One of the coolest things about infrared cameras is that you can point them at a scene and get a visual image of how hot or cold things are. So … what if those things are humans? Could you use an IR camera, for instance, to check people at an airplane gate for possible Covid-19 fevers?
On the plus side, it wouldn’t require any physical contact, and you get an almost instantaneous reading. Actually, you might have seen pictures of handheld IR devices called temperature guns (which work somewhat differently) used like this in China. IR sensors are also used in factories to monitor the temperature of equipment without having to stop it.

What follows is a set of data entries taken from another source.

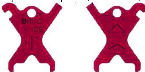
Рис. 2. Маркіровочна бирка.

В якості перевірного шаблону служить маркіровочна бирка для здійснення контролю та вибраковці ланок ланцюга (рис. 2).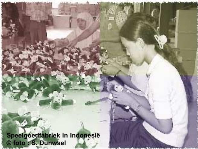
Speelgoedfabriek in Indonesië

Meer dan de helft van het speelgoed dat in Europa wordt verkocht, komt uit Azië (Thailand, Indonesië, China), omdat arbeid er minder duur is. Wist u dat een arbeider uit die landen 2 maanden moet werken om 100 euro te verdienen, het bedrag dat u elk jaar uitgeeft aan het verwennen van uw kinderen? (bron: Oxfam).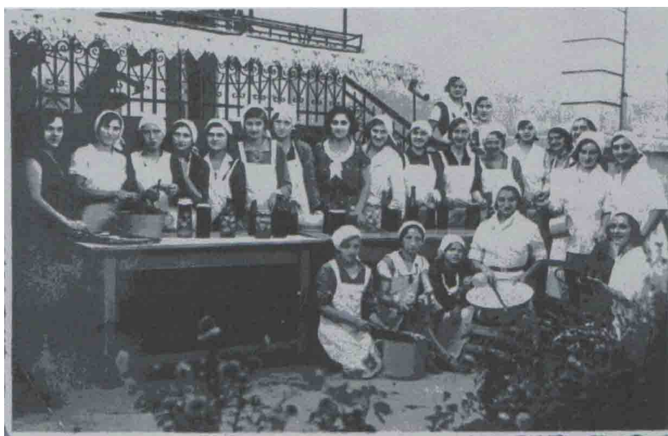
Прилог бр. 3: Домаћички курс за девојке из Лесковца, 1932. године.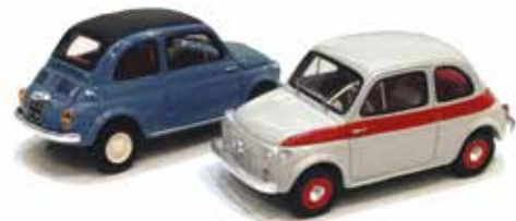
« De gauche à droite, Nuova 500 "economica" et 500 Sport, Spark »

Du côté des modèles artisanaux, citons, au 1/43 e , les 500 F et L du japonais Ebbro , les 500 Economica, Sport, F, L, 500 Jolly Ghia et Vignale Gamine de Spark , la 500 Limousine de MG Model Plus , la 500 R Rallye de San Remo 1982 de Arena Models , la 500 L de C.B. , la NSU Fiat 500 coupé Weinsberg de Bos-Models et la Vignale Gamine de Miniacar's 43 .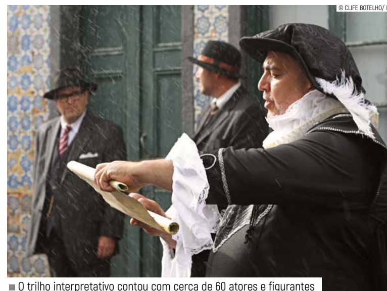
■ O trilho interpretativo contou com cerca de 60 atores e figurantes

“Gostei muito. Foi uma recriação histórica que nos permitiu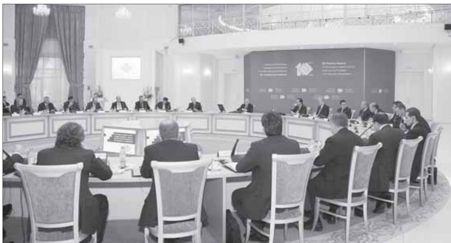
Тема «казахстанского содержания» в проектах, реализуемых с участием зарубежного капитала, проходила красной нитью через все заседание Совета инвесторов. Среди главных проблем было отмечено отсутствие единой методологии в определении понятия, а также единой методики расчета казахстанского содержания в контрактах.

Довести уровень казахстанского содержания в иностранных компаниях до 50% потребовал от правительства глава государства

But there are some issues with using this technology to screen people for illness. To do it well, you really need to understand how infrared sensors work. So I’m going to explain all that. Besides, the physics are just super interesting. I'm a huge fan of these cameras, because they let you see the world in a different light—literally.
Everything Emits Light, Even if You Can’t See It
With science, you don’t always get what you want. But if you try sometimes, you get something even better. That’s what happened to William Herschel in 1800. While testing some light filters, Herschel used a prism to split sunlight into its component hues. Then he set up some thermometers. He knew that light falling on an object would warm it up, but he wanted to measure the effects of each color separately.
Then he noticed something strange: A thermometer at the end, beyond the red color—one that wasn't even in the light—also warmed up. What the heck? Of course the reason was that there was light hitting that thermometer, you just couldn't see it with human eyes. That was the discovery of what we now call infrared light.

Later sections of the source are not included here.